§ **Task to carry out**:
From the line containing "完了画面が表示されれば決済およびお申込みは正常に完了しています。" down to the final line of the entries below, quote every line verbatim. Exclude pictures.

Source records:
Content starts
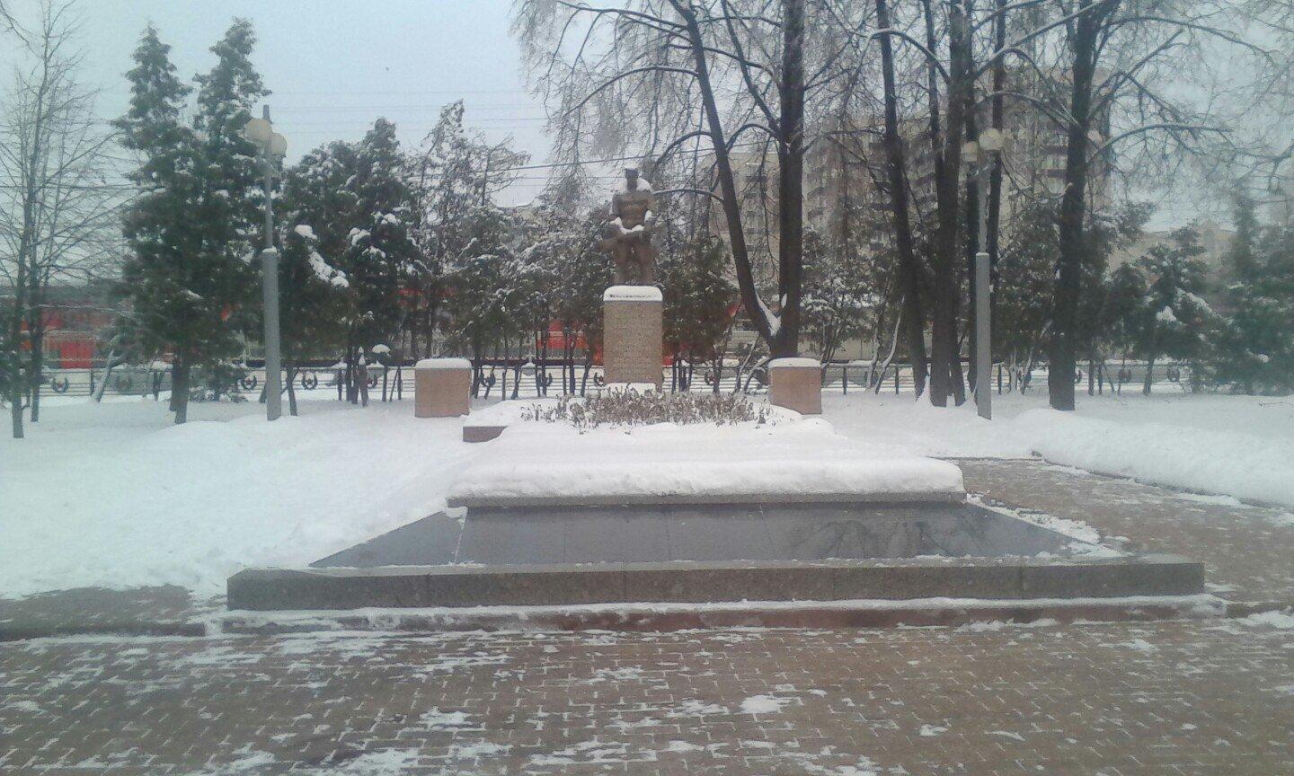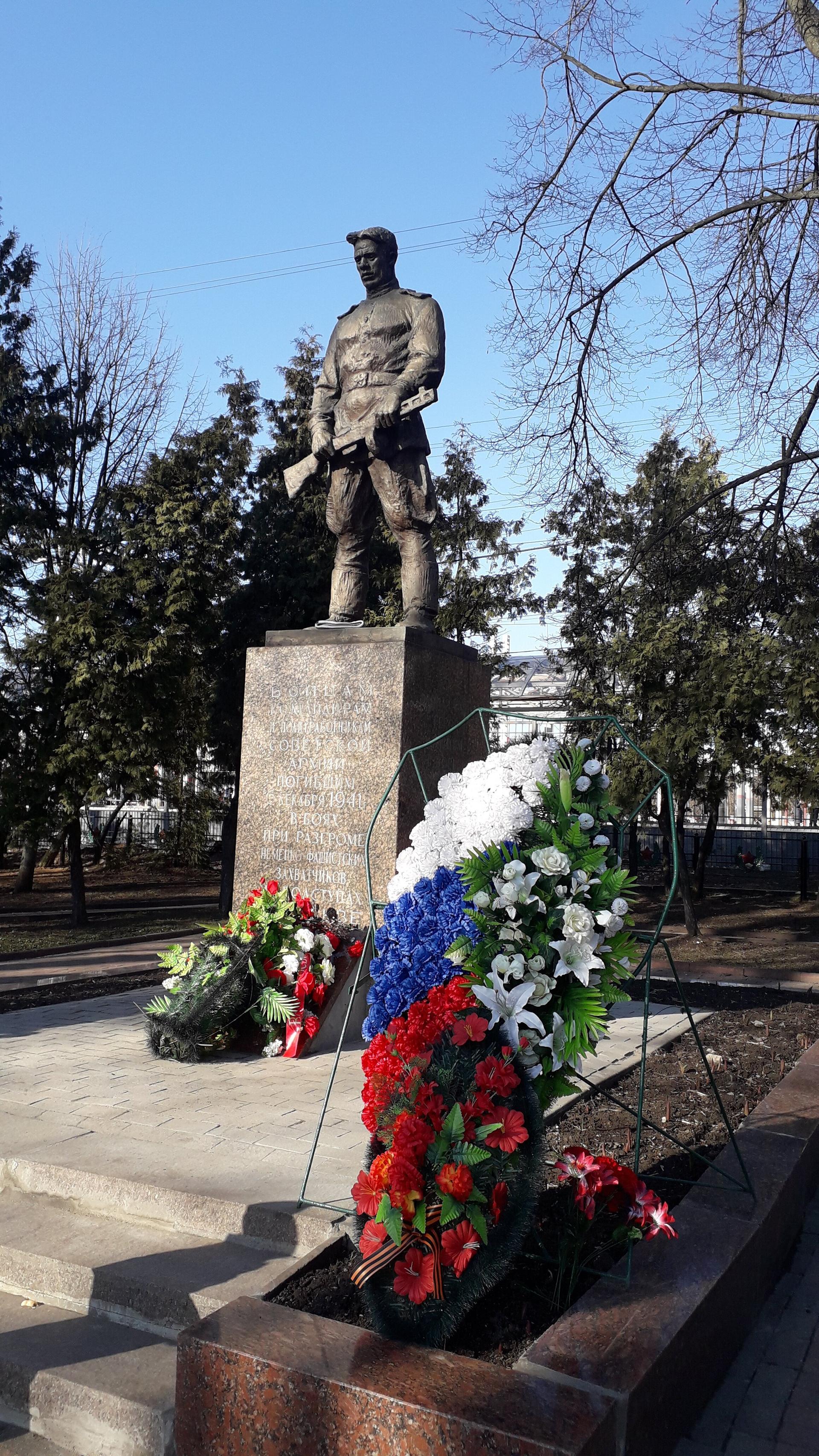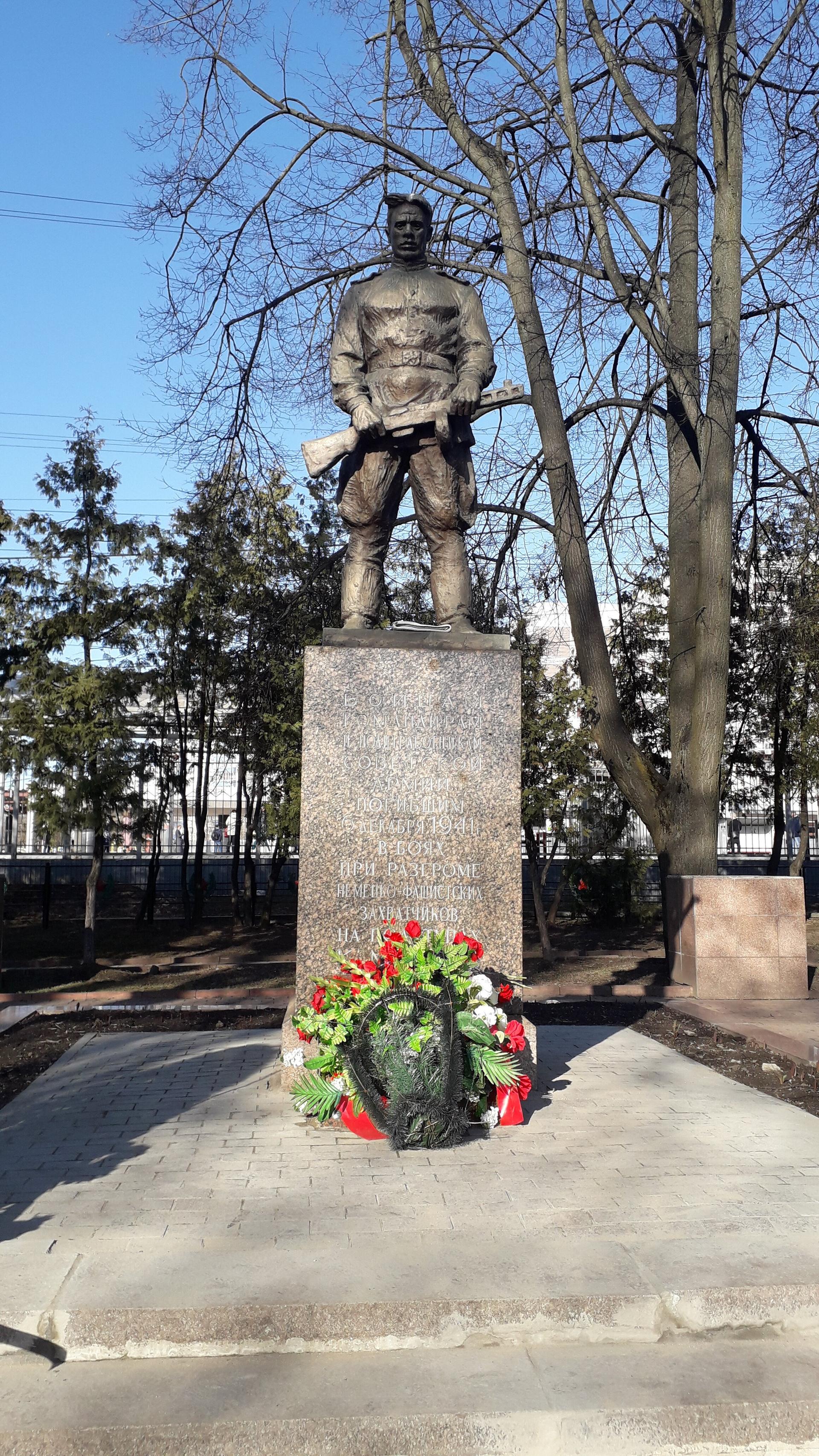 На постаменте текст: «Бойцам, командирам и политработникам Советской Армии, погибшим 6 декабря 1941 г. в боях при разгроме немецко-фашистских захватчиков на подступах к Москве».
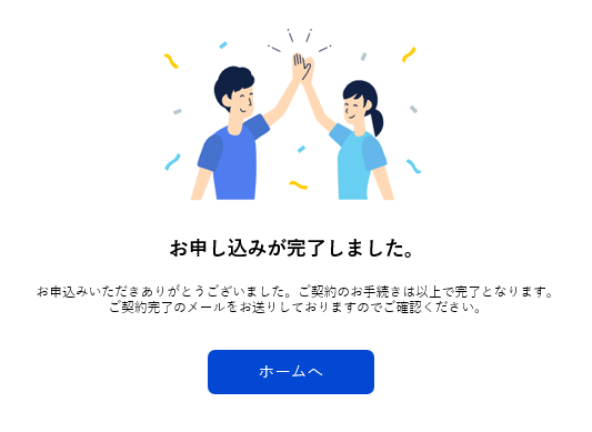 完了画面が表示されれば決済およびお申込みは正常に完了しています。
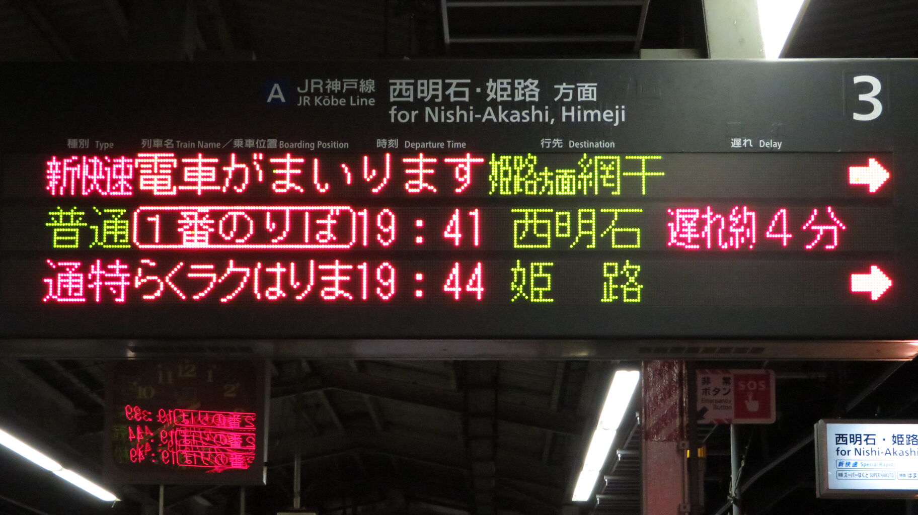 3番のりばへ行ってみると、3色LEDの発車標に らくラクはりまの表示が出ていました!
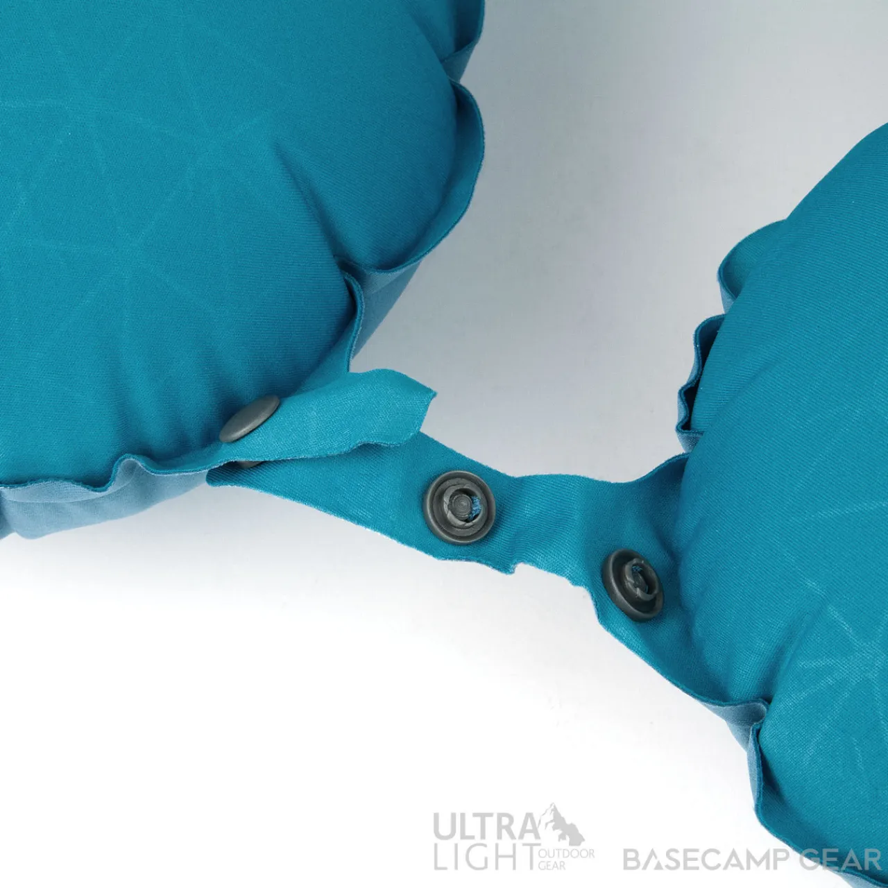 The Aeros Ultralight Traveller Pillow includes an adjustable neck closure to support the entire circumference of your neck, providing a more comfrotable sleep. The closure is made from welded 20D knit fabric which offers stretch and softenss without requiring bulky edge binding. Three press studs are applied to he fabric offering two lengths to choose from. The Aeros Ultralight Traveller Pillow closure runs directly from the perimeter weld.
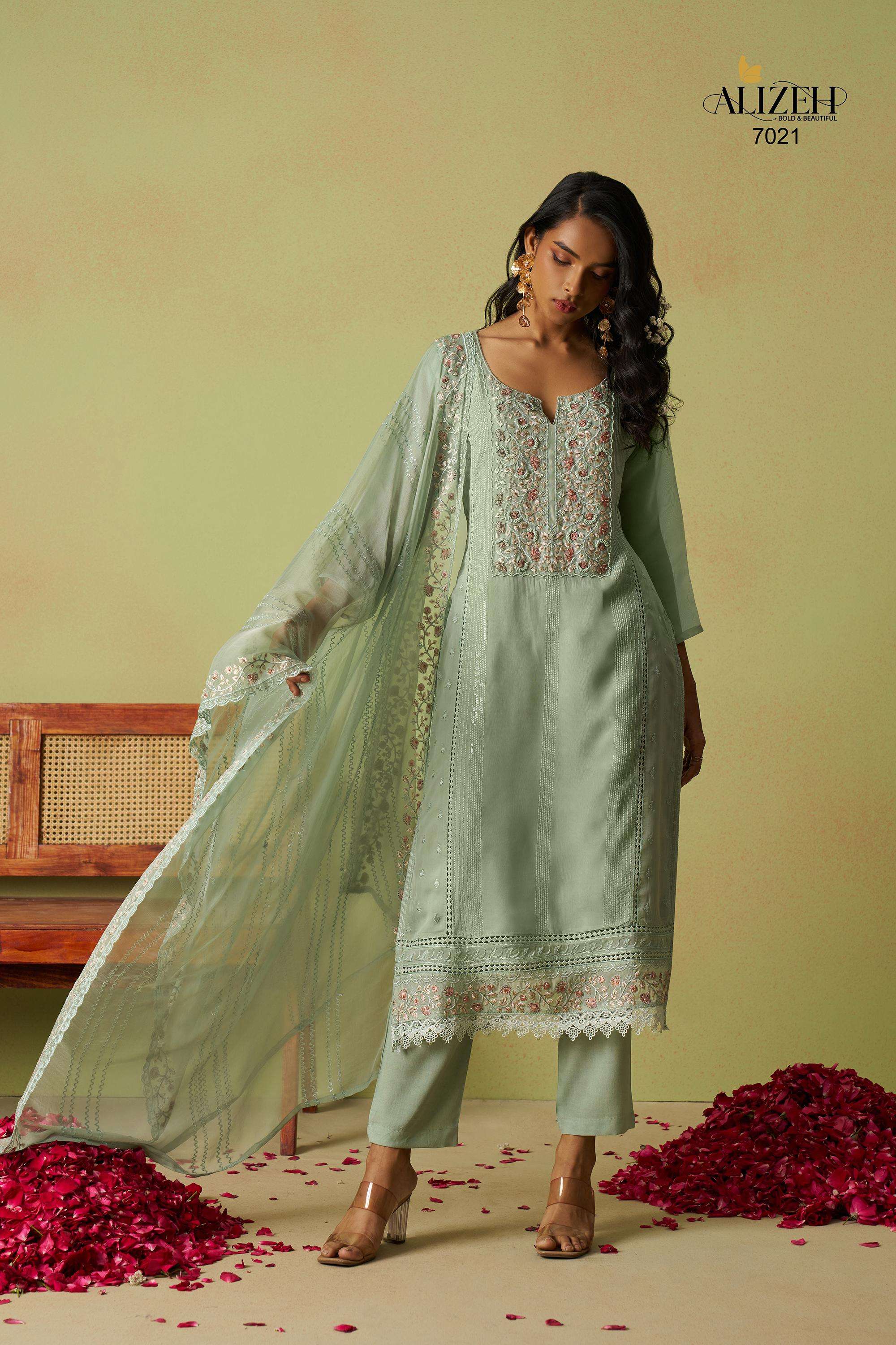 Buy Online SAADGI 3 by Alizeh kurti collection manufacturers surat 4 Pcs of Full Catalogue at Wholesale Price. Looking for SAADGI 3 by Alizeh kurti collection manufacturers surat Full Catalouge at Best Price? Buy Now SAADGI 3 by Alizeh kurti collection manufacturers surat at Wholesale Rate of Rs 11800 with Total 4 Pcs from authroized dealer and supplier of Alizeh Official Brand. Cost of Each piece is just only Rs 2950 which is very low and affordable price to resale the product in your retail store ,This is Surat based Wholesale Supplier & Dealer of Alizeh Official Brand. Click on Brand name to Know more about Alizeh Official Brand's products.Call or Whatsapp on 9898838984 for booking or enquiry
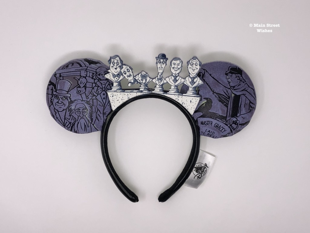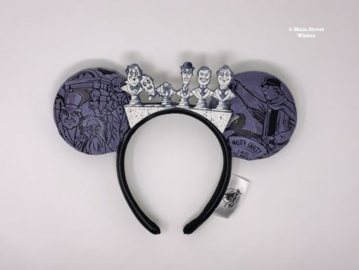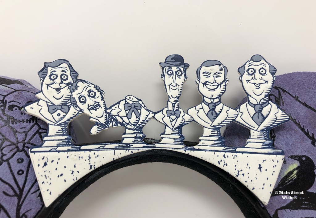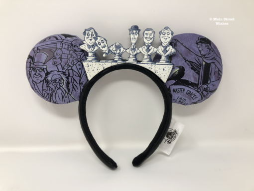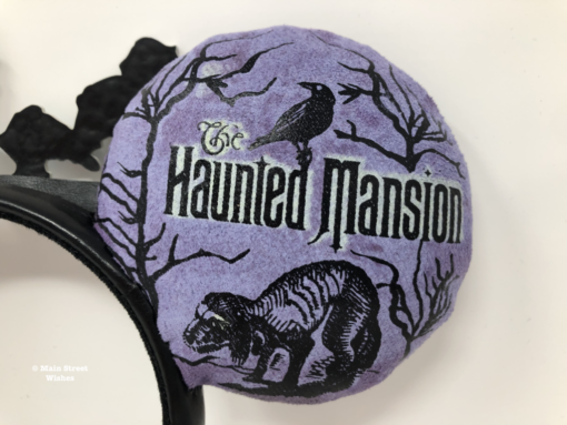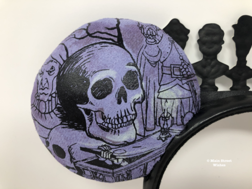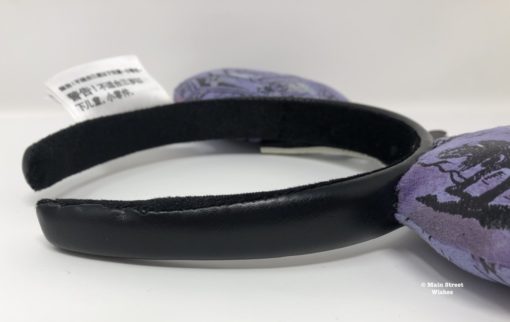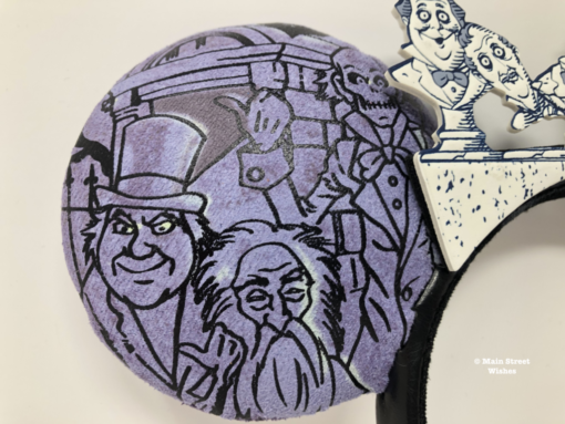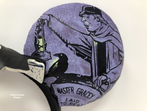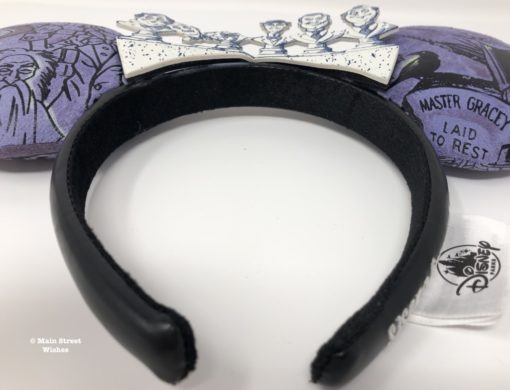The ears on this headband have the most detail. There are scenes from the graveyard scene at the end of the Haunted Mansion ride. You’ll see the three hitch hiking ghosts and the nervous gravedigger with his lantern are on the front of the ears. On the back you will see some skull art along with the ghost trying to get out of the coffin on one ear and the Haunted Mansion logo on the other ear. The ears are purple and made of an imitation suede material.
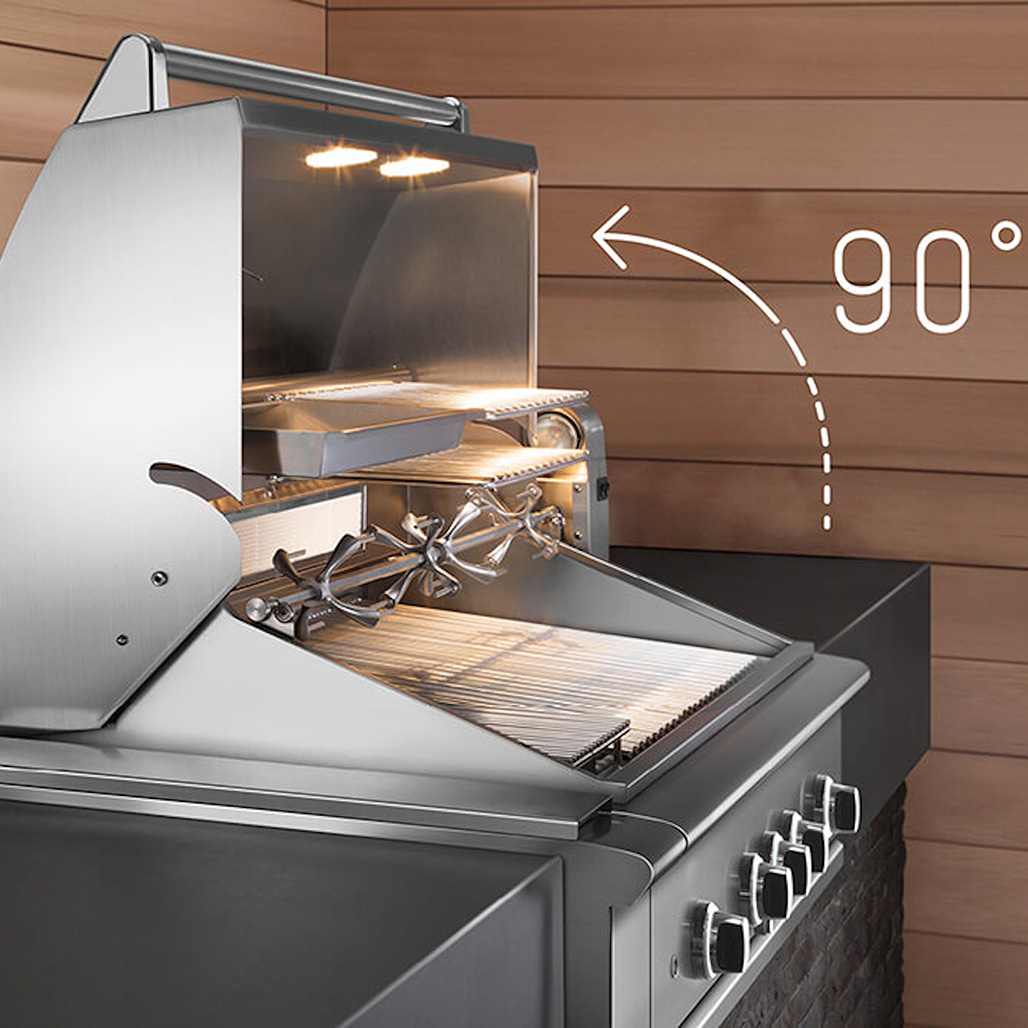 Easy to lift 90° hood for better access when cooking
Content ends
§ **Response to the task**:
 完了画面が表示されれば決済およびお申込みは正常に完了しています。
 3番のりばへ行ってみると、3色LEDの発車標に らくラクはりまの表示が出ていました!
 The Aeros Ultralight Traveller Pillow includes an adjustable neck closure to support the entire circumference of your neck, providing a more comfrotable sleep. The closure is made from welded 20D knit fabric which offers stretch and softenss without requiring bulky edge binding. Three press studs are applied to he fabric offering two lengths to choose from. The Aeros Ultralight Traveller Pillow closure runs directly from the perimeter weld.
 Buy Online SAADGI 3 by Alizeh kurti collection manufacturers surat 4 Pcs of Full Catalogue at Wholesale Price. Looking for SAADGI 3 by Alizeh kurti collection manufacturers surat Full Catalouge at Best Price? Buy Now SAADGI 3 by Alizeh kurti collection manufacturers surat at Wholesale Rate of Rs 11800 with Total 4 Pcs from authroized dealer and supplier of Alizeh Official Brand. Cost of Each piece is just only Rs 2950 which is very low and affordable price to resale the product in your retail store ,This is Surat based Wholesale Supplier & Dealer of Alizeh Official Brand. Click on Brand name to Know more about Alizeh Official Brand's products.Call or Whatsapp on 9898838984 for booking or enquiry
The ears on this headband have the most detail. There are scenes from the graveyard scene at the end of the Haunted Mansion ride. You’ll see the three hitch hiking ghosts and the nervous gravedigger with his lantern are on the front of the ears. On the back you will see some skull art along with the ghost trying to get out of the coffin on one ear and the Haunted Mansion logo on the other ear. The ears are purple and made of an imitation suede material.
 Easy to lift 90° hood for better access when cooking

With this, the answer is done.